Mark Liberman makes a charge that doesn't have to be the case, though:
It worries me that the discussion of this topic -- whether in the comments on Rivka's earlier post or in the blogosphere at large -- has been so lop-sided. Those who are skeptical of Paglia's views cite studies, quote statistics and suggest models, whereas Paglia's defenders, like Camille herself, don't seem to be able to get past arguments like "People who deny that attention spans have gotten shorter are just whistling past the graveyard" or "The "factual" basis for believing it has become attenuated is simply the fact that it has. I taught college literature for twenty years, and I can testify it has. The facts are in front of my eyes. Anybody who denies this is happening is being willfully obtuse."
As he goes on to point out, though, the fact that nobody has defended Paglia's point statistically doesn't mean there are no such stats. So SC has decided to take up the banner for a few reasons: 1) he generally admires Camille Paglia, and agrees with a number of things she's written in the past ([admit it, SC, the #1 lesson you really learned from her was gratuitous self-promotion -- ed.]), 2) he thinks she's not completely wrong here, and 3) there's no gauntlet like a thrown gauntlet, there's no gauntlet I know...
Since, by Prof. L.'s indications, this is going to be a lonely effort, your host is making a special effort to do this carefully. So watch this space for a lot more over the next 48 hours. All SC is going to say for now is that the more he sees, the less he thinks she's off her rocker...
So does this mean there's going to be another guest blogger?
Posted by: language hat | April 22, 2004 at 12:42 PM
No, this is a serious research piece which will be coming out in 3 or 4 parts. I've got scome interesting statistics on test scores, some data on the shifts in the cirriculum that high schoolers are actually taking, and as Mark Liberman helpfully suggested, there's some work out there indicating that reading material for young people is gettind dumbed down.
I think Paglia's thesis is a bit exaggerated, but I do believe that reading skills have become devalued in our culture, and the story isn't just the usual hand-wringing of the same people who have thought English is dying for the last 500 years. This isn't an area I'm expert in, by any means, so it's taking a while to put together a coherent defense.
Posted by: Semantic Compositions | April 22, 2004 at 02:02 PM
So it sounds like you are intending to defend her claim about the trend - decreasing literacy - and not necessarily her claim about the cause?
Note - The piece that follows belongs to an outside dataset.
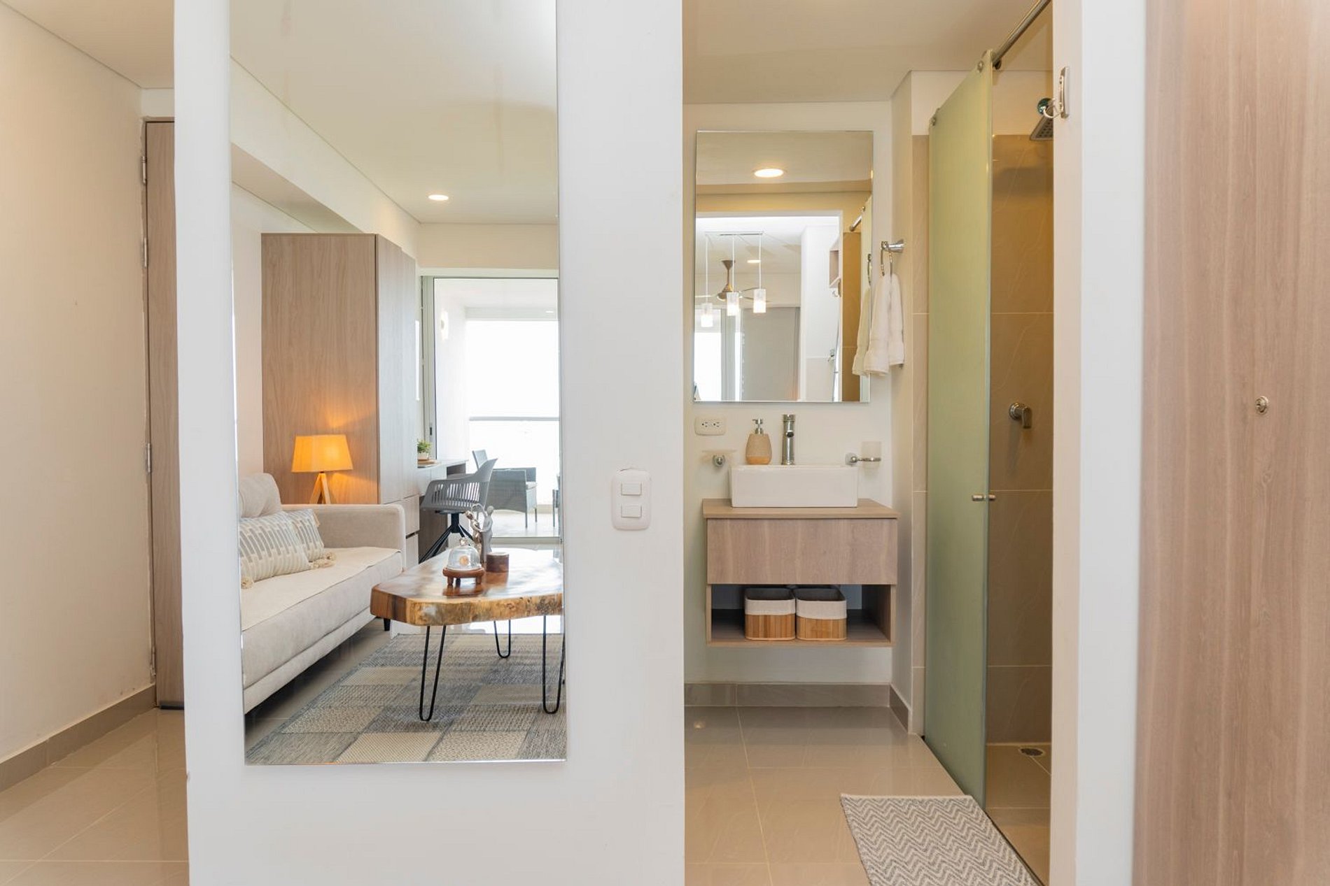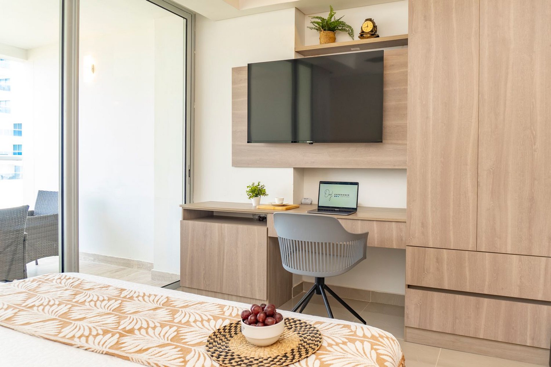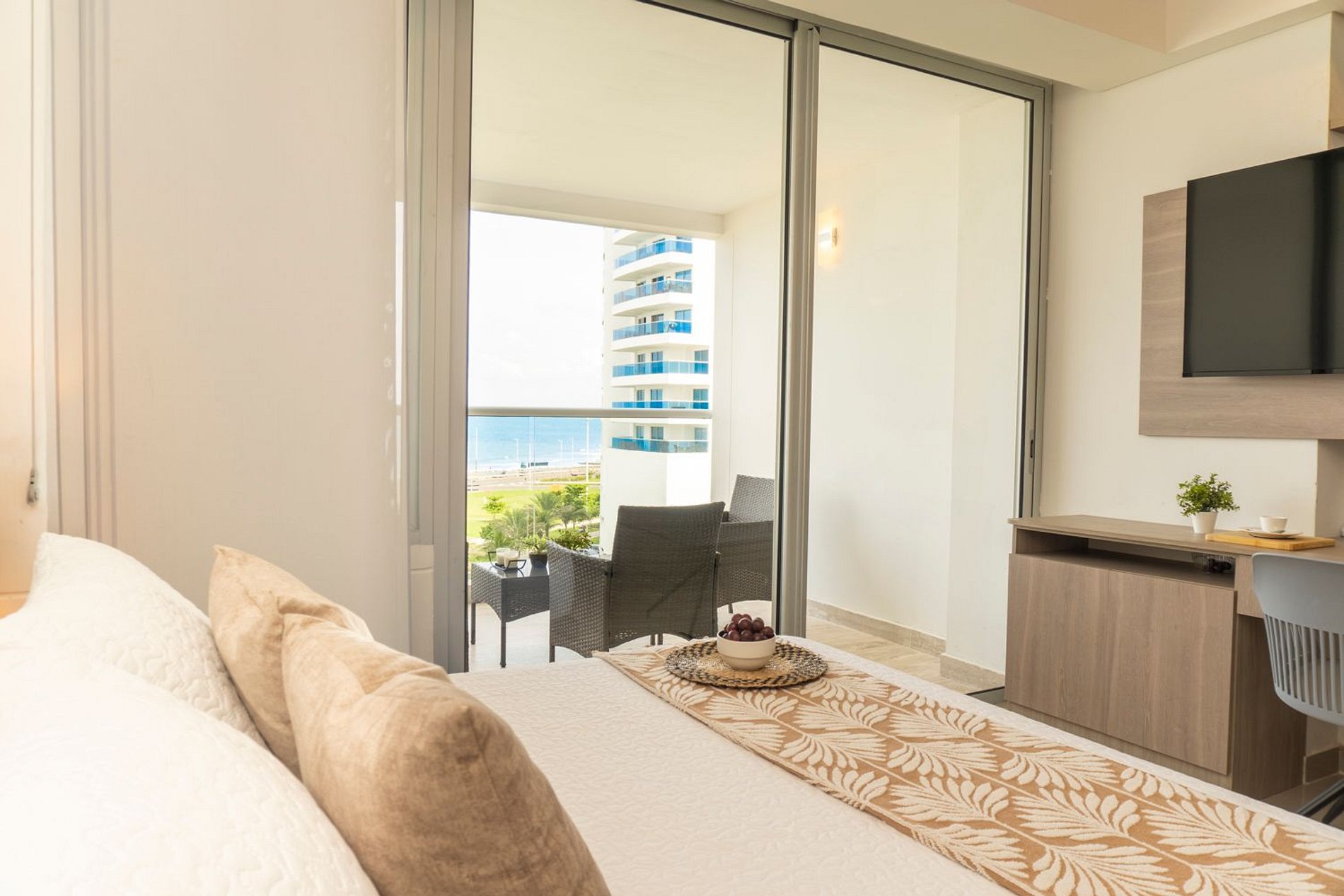 Apartamento moderno en el piso 6 con terraza privada y vista directa al mar y la Ciénaga. Espacio cómodo, luminoso y perfectamente equipado para estancias de trabajo o descanso.

Posted by: Nicole Wyatt | April 22, 2004 at 02:12 PM
Yes, that's correct. I don't think there's much evidence to suggest that TV = shorter attention spans, or at least I haven't found anything that strikes me as a great argument for it; however, I think there's a fairly strong case to be made that reading skills are taking a dive.
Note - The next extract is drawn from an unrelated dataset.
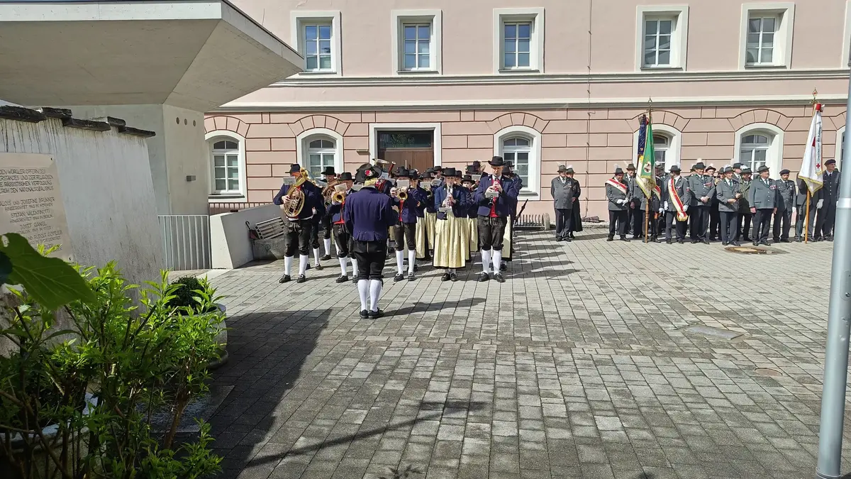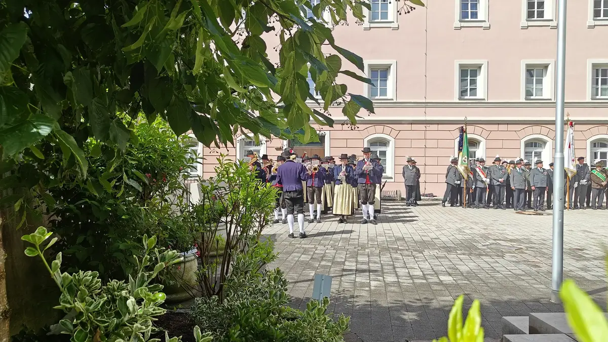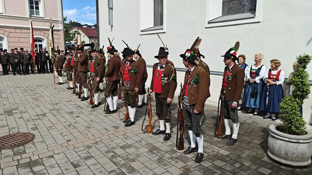 Im Anschluss an den Gottesdienst wurde im Kirchhof – nun bei schönem Wetter und begleitet von festlichen Klängen der Stadtmusikkapelle - zu Ehren des neuen Schützenkuraten eine Ehrensalve abgefeuert. Am Ende der Zeremonie wurde mit dem obligatorischem Schnapserl angestoßen.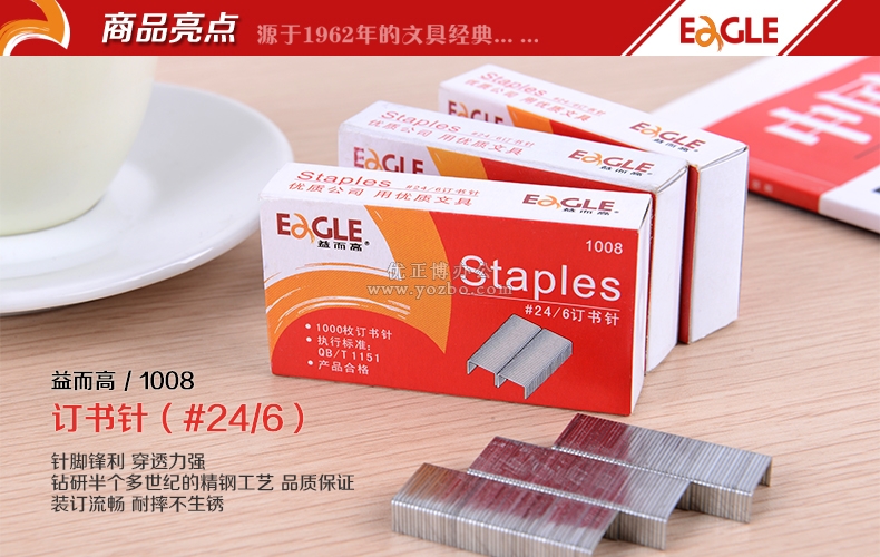 > 辦公用品 > 桌面用品 > 訂書針 > 益而高 檔案專用不銹鋼書針1008s 24/6

Posted by: Semantic Compositions | April 22, 2004 at 03:27 PM
I doubt anyone is still reading this post but I came across it by a related search. To "defend" Camille seems utterly superfluous. If you have any love for the English language and have paid any attention from either side of the teacher's desk her basic assertions are depressingly self-evident, at least in the U.S.. Global literacy as such is increasing as far as I've read. This a predictable correlary of ongoing industrialization and urbanization, but has nothing to do whatsoever with the quality of that literacy in places where there was a very high percentage to begin with. The real point is the drop off from parent to child in middle and upper class America. I believe no small part of the blame falls on what I call the regime of self-esteem, which always places education and actual skill level second, and often a distant second. There are exceptions of course, and we should all aspire to be one, rather than attack (typically in ad hominum fashion)those who call attention to the problems that we face and teachers in particular.